▸ **Stored records**:
* * * * * * * * *
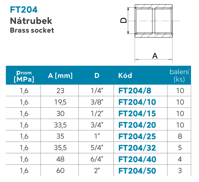 od 22 Kč Nátrubek - hrdlo Možnosti provedení (8) Vyberte variantu 1/4", [FT204/8] (22 Kč) 1", [FT204/25] (129 Kč) 1/2", [FT204/15] (53 Kč) 2", [FT204/50] (425 Kč) 3/4", [FT204/20] (63 Kč) 3/8", [FT204/10] (27 Kč) 5/4", [FT204/32] (229 Kč) 6/4", [FT204/40] (287 Kč)
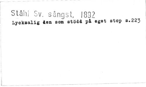 //// Ståh; Sv. sångst, 1892 //// Lycksalig den som stödd på eget stop s.223 ////
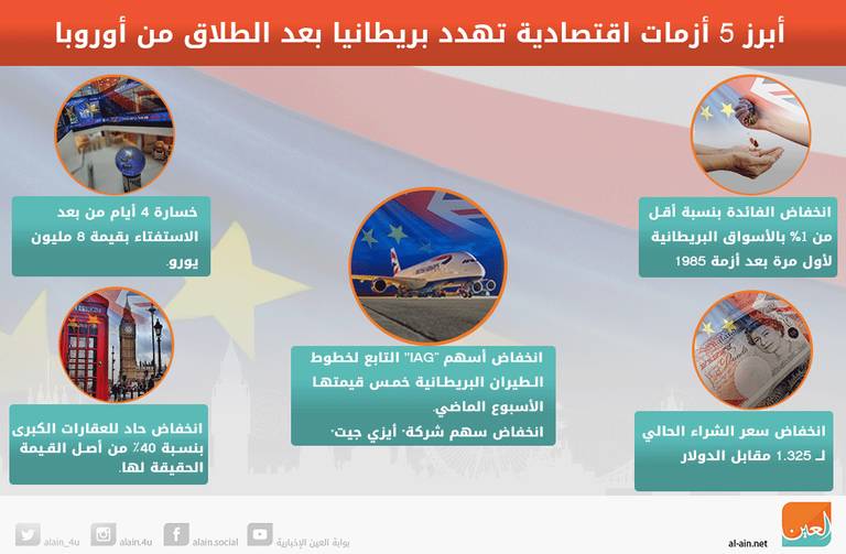إنفوجراف.. 5 أزمات اقتصادية تهدد بريطانيا بعد طلاقها من أوروبا
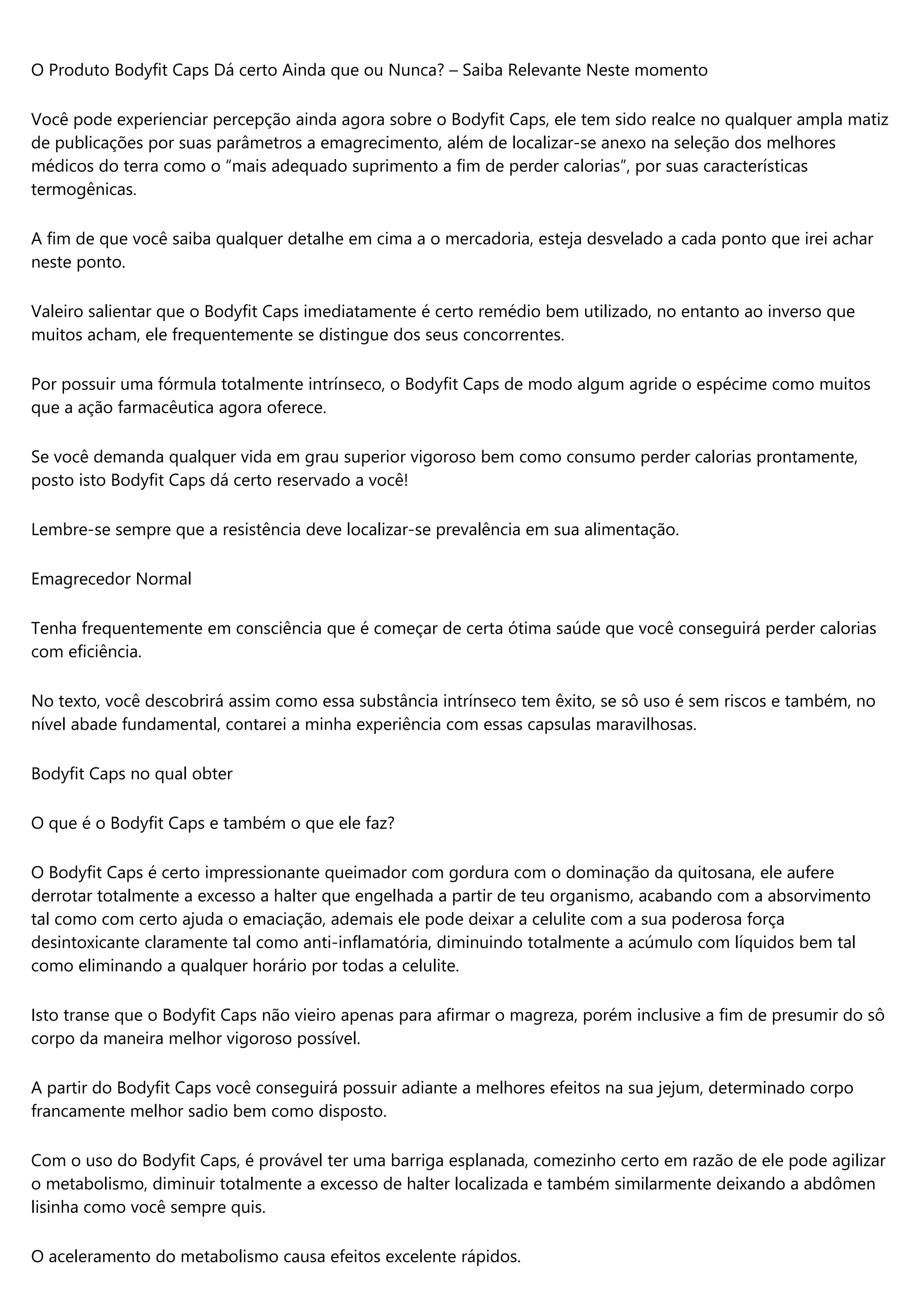 O documento discute os benefícios do suplemento Bodyfit Caps para emagrecimento, incluindo aceleração do metabolismo, queima de gordura e eliminação da celulite. O texto também relata a experiência positiva de uma pessoa que usou o produto e conseguiu emagrecer de forma saudável em três meses.
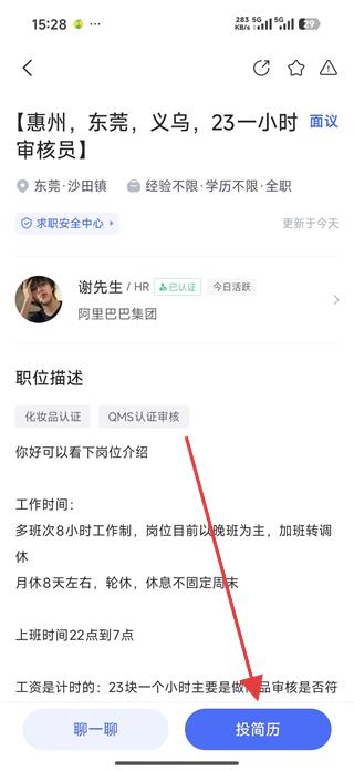 4、在職位描述頁面,確認(rèn)崗位信息無誤后,點(diǎn)擊投簡歷按鈕,完成該崗位的簡歷投遞操作。
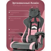 Кресло компьютерное игровое KNIGHT KITTY для дома, для комнаты. Подойдет как для взрослого, так и для школьника. Можно использовать как офисное. Подходит в офис или кабинет. Модель современная для любого интерьера. Надежный корпус и долговечный наполнитель высокой плотности. Основа спинки - сварной металлический каркас. Чехлы сиденья и спинки выполнены из ткани высокой износостойкости. Простой уход за обивкой. Имеет регулировку высоты с помощью газлифта. Максимальная нагрузка – 120 кг. Кресло установлено на прочную 5-лучевую основу из пластика, в которую надежно закреплены колесики. В комплекте две эргономичные подушки для поддержки шеи и поясницы с вышивкой «KITTY». Для дополнительного комфорта в кресле предусмотрена выдвижная подножка. Система AIR на спинке кресла для вентиляции спины. Удобные анатомические подвижные подлокотники с мягкими накладками из ткани. Производство в России. Простая сборка. Соответствует стандарту BIFMA.
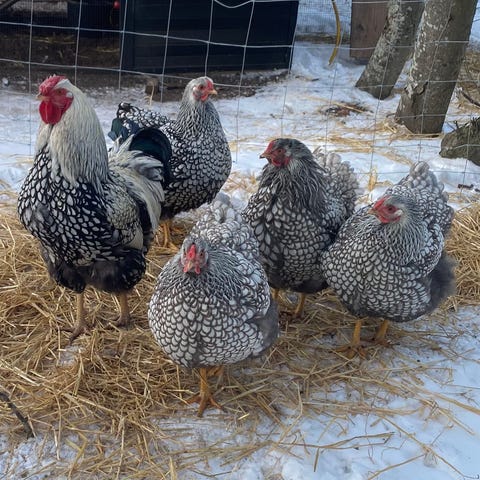 Hønsene lægger æg som dem på det første billede og det vil kyllingerne også komme til
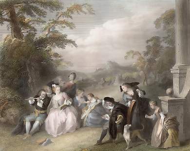 Genre. Original steel engraving engraved by W. French after N. Lancret. ca 1850. Very good condition. Hand-coloured. 17x13cm. Matted.
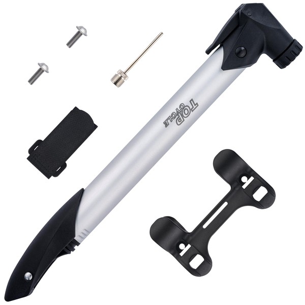 Topcycle High Volume Portable Hand Air Mini Pump with Needle for Mountain Road Bikes, Soccer Ball, Basketball Bicycle Tires, Gonfleur Pompe de Pneus Vélo, Ballon de Soccer, Fits Schrader Presta Valves
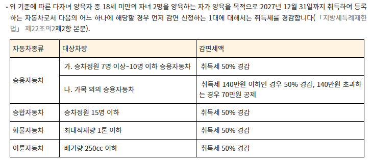 - 2자녀 이상 가구가 7~10인승 승용차 구입 시 취득세 감면
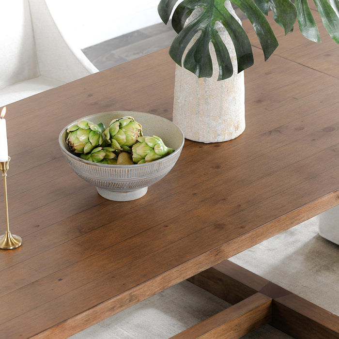 - Rich brown color in a modern farmhouse style table
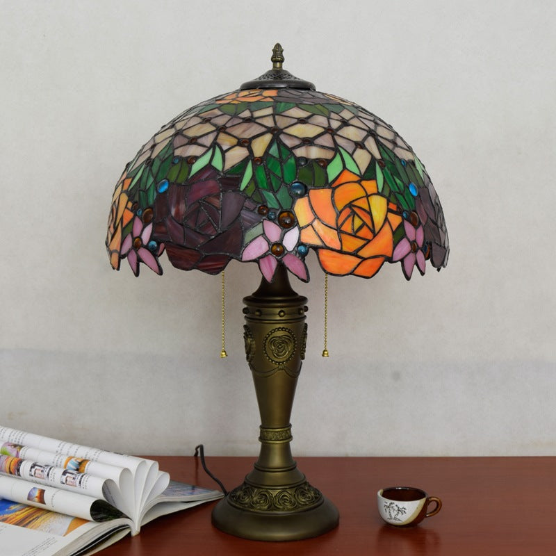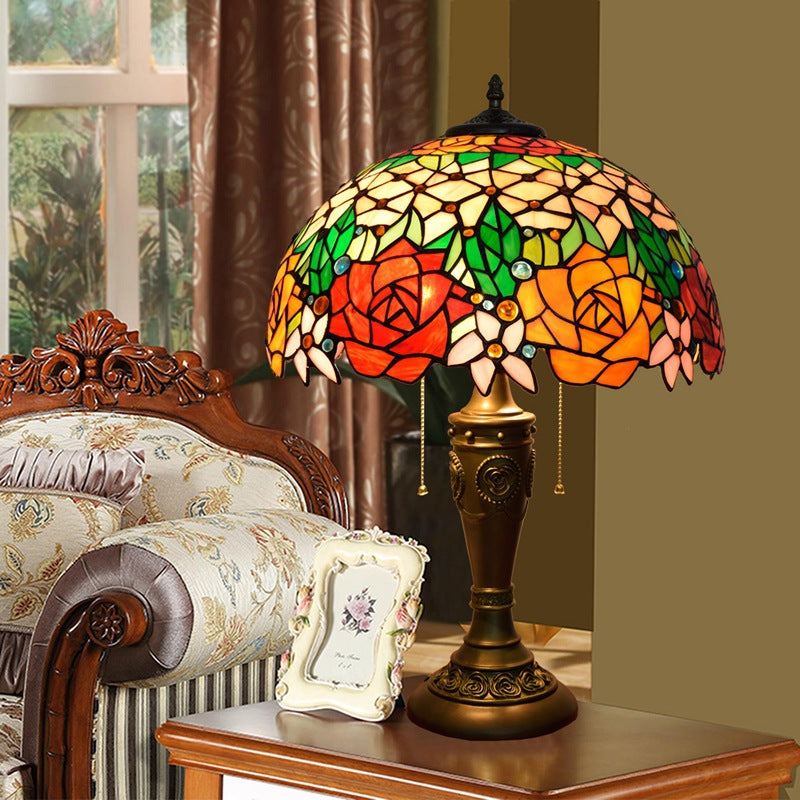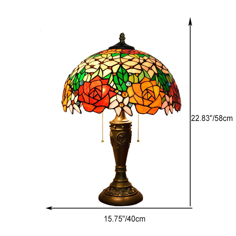 Traditional Tiffany Rose Umbrella Resin Stained Glass 2-Light Table Lamp For Bedroom
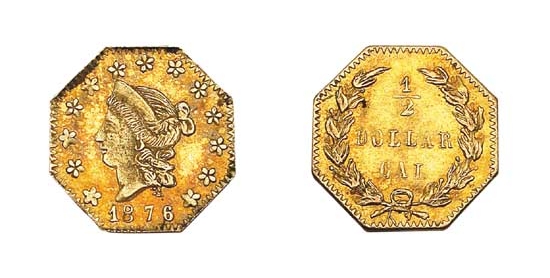 The 1876 G50C BG-932A is a product of the second great era of California Fractional Gold production, a period numismatists classify as 'Period Two' (1859-1882). Unlike the 'Period One' issues, which were struck out of genuine commercial necessity to alleviate a severe shortage of small change during the initial Gold Rush boom, these later pieces were created under a different set of circumstances. By the mid-1870s, the United States Mint in San Francisco was in full operation, and the acute need for privately minted coinage had subsided. However, the allure of California gold and the romance of the Gold Rush had created a robust market for souvenirs and keepsakes. Enterprising jewelers, primarily in San Francisco, stepped in to meet this demand. They began producing vast quantities and varieties of these miniature gold 'coins,' which were sold to locals, tourists, and sent back East as mementos of the Golden State. The legal footing for these pieces was precarious. The Coinage Act of 1864 expressly forbade the private issuance of coinage, but enforcement on the remote West Coast was lax until the early 1880s. Minter-jewelers operated in a grey area, continuing to place denominations on their products. The BG-932A, dated 1876—the year of the nation's Centennial—would have been a particularly popular souvenir. These pieces were not intended to and did not function as circulating currency in the same way their predecessors had; their gold content was often significantly less than their face value would imply, solidifying their status as tokens or charms. The production was crude, often employing a simple hammer-striking method where dies were manually struck onto gold planchets, resulting in inconsistent strike quality and frequent die breaks and clashes, all hallmarks of the series.
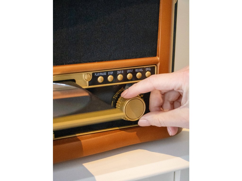 Thanks to the reliable belt drive, a technology known for its smooth and low-vibration operation, the record player delivers clear and precise playback of your beloved records. The record player supports playing records at three speeds: 33, 45, or 78 revolutions per minute. Using the metal hinge, you can position the lid of the retro record player at a 45° angle, allowing you to play your records with both an open and closed cabinet. Additionally, you can convert your favorite tracks to MP3 with the built-in USB encoding.
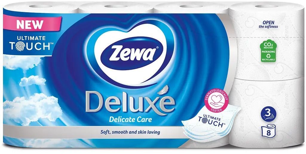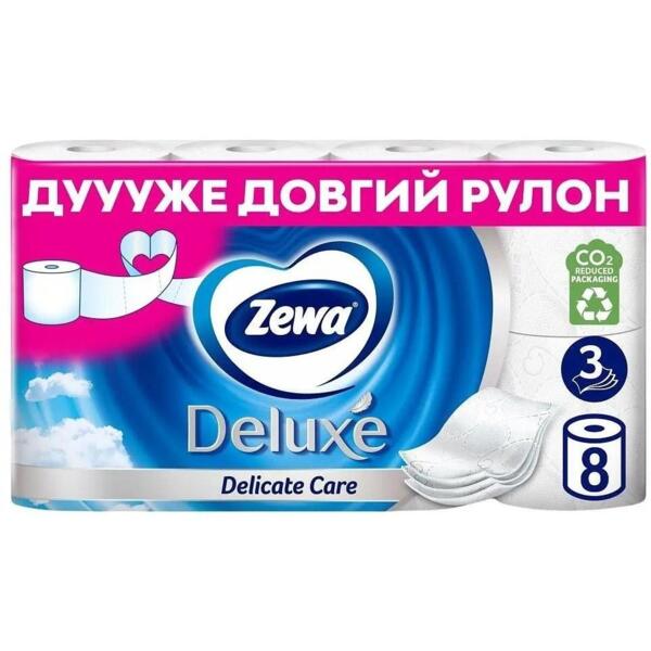 Туалетная бумага Zewa Deluxe — гигиеническое средство, которое достойно внимания самых взыскательных потребителей. Delicate Care — удивительное сочетание качества и комфорта. Трехслойный материал (сертифицированная целлюлоза) создан по особой технологии, благодаря тиснению и специальным впитывающим «подушечкам» обеспечивает деликатное очищение и в то же время заботится о коже.
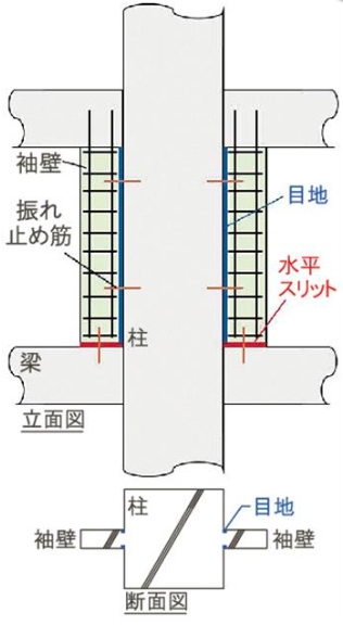 本技術は、袖壁内の鉄筋配置に工夫を凝らし、縦方向の鉄筋は梁に定着させる一方で、横方向の鉄筋は目地によって柱から切り離す構造を採用している。
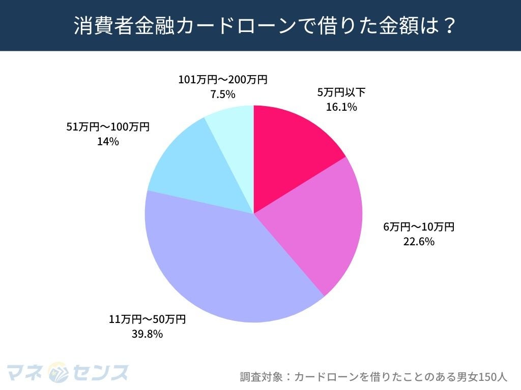 11万円〜50万円程度の金額帯は、消費者金融・銀行カードローン・信販系カードローン全種類のカードローンにおいて最も多く借入されている金額でした。
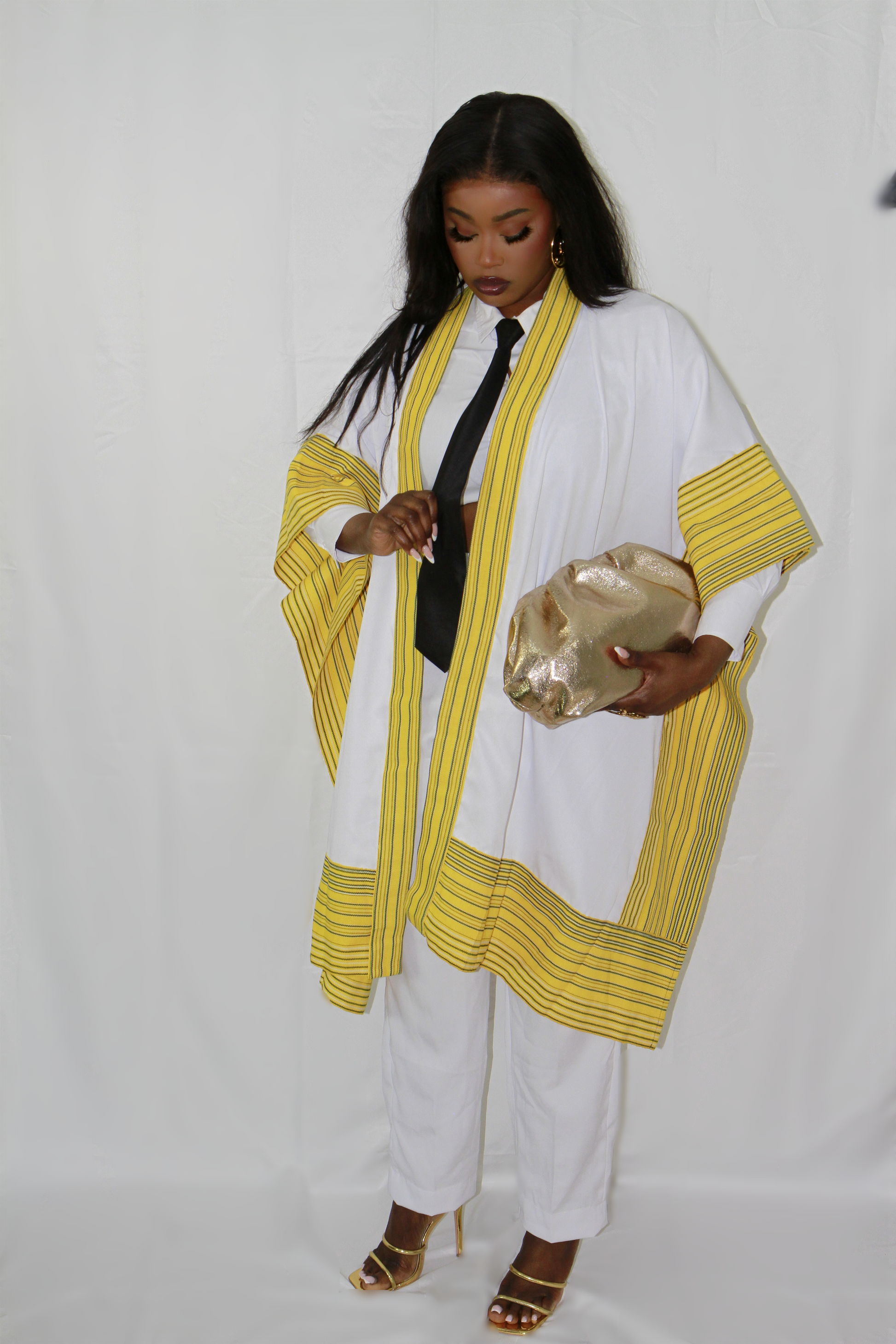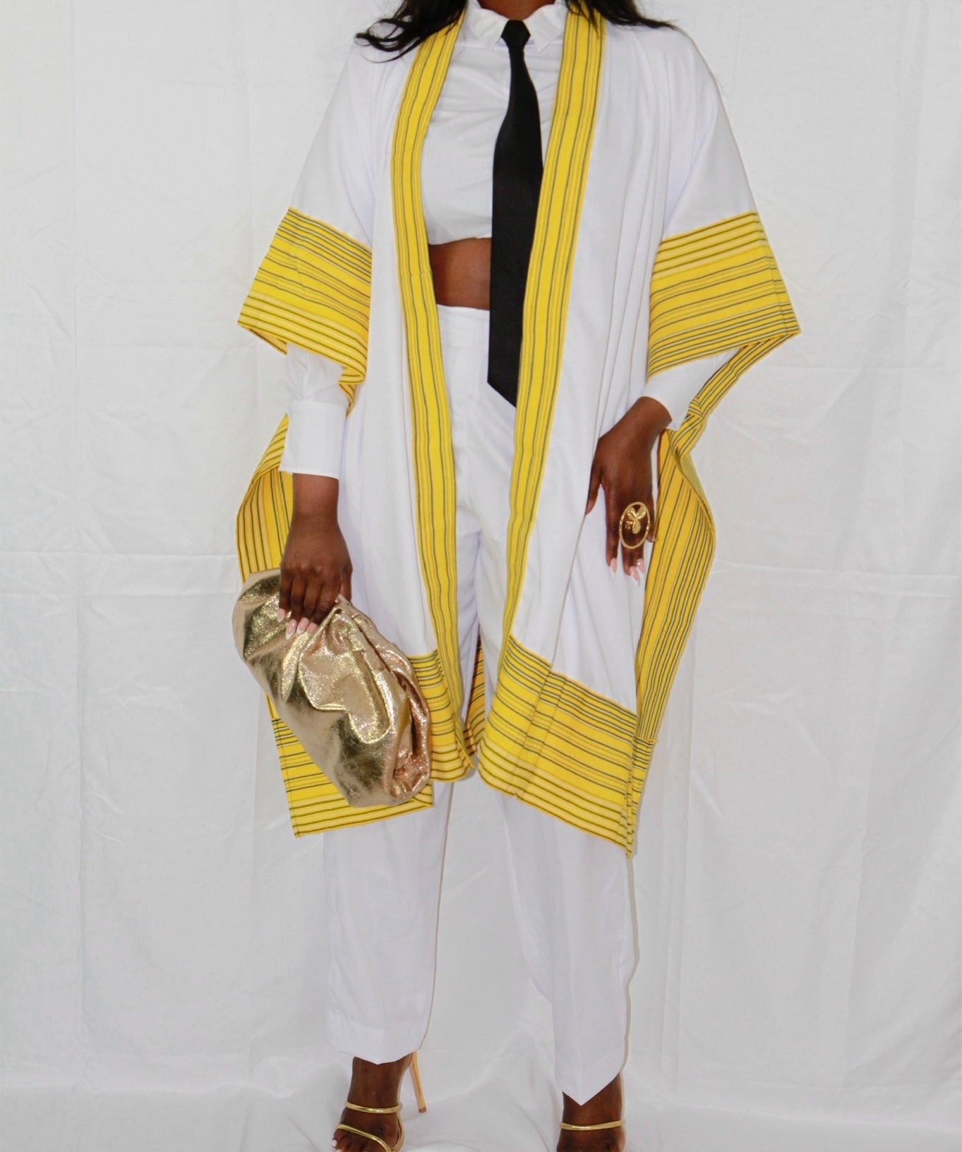 Affirmez votre élégance avec cet ensemble 2 pièces inspiré des traditions africaines. Composé d’un kimono long blanc orné de bandes tissées jaunes faites à la main et d’un pantalon taille haute assorti, ce look mêle finesse artisanale et modernité. Léger et fluide, il accompagne les femmes audacieuses qui osent l’originalité dans un style chic et affirmé.
* * * * * * * * *
▸ **HOW TO COMPLETE THIS TASK**: Output must match the lines from the start of the records above through the line that contains "4、在職位描述頁面,確認(r", exactly and with every picture removed.

▸ **WRITTEN ANSWER**:
 od 22 Kč Nátrubek - hrdlo Možnosti provedení (8) Vyberte variantu 1/4", [FT204/8] (22 Kč) 1", [FT204/25] (129 Kč) 1/2", [FT204/15] (53 Kč) 2", [FT204/50] (425 Kč) 3/4", [FT204/20] (63 Kč) 3/8", [FT204/10] (27 Kč) 5/4", [FT204/32] (229 Kč) 6/4", [FT204/40] (287 Kč)
 //// Ståh; Sv. sångst, 1892 //// Lycksalig den som stödd på eget stop s.223 ////
إنفوجراف.. 5 أزمات اقتصادية تهدد بريطانيا بعد طلاقها من أوروبا
 O documento discute os benefícios do suplemento Bodyfit Caps para emagrecimento, incluindo aceleração do metabolismo, queima de gordura e eliminação da celulite. O texto também relata a experiência positiva de uma pessoa que usou o produto e conseguiu emagrecer de forma saudável em três meses.
 4、在職位描述頁面,確認(rèn)崗位信息無誤后,點(diǎn)擊投簡歷按鈕,完成該崗位的簡歷投遞操作。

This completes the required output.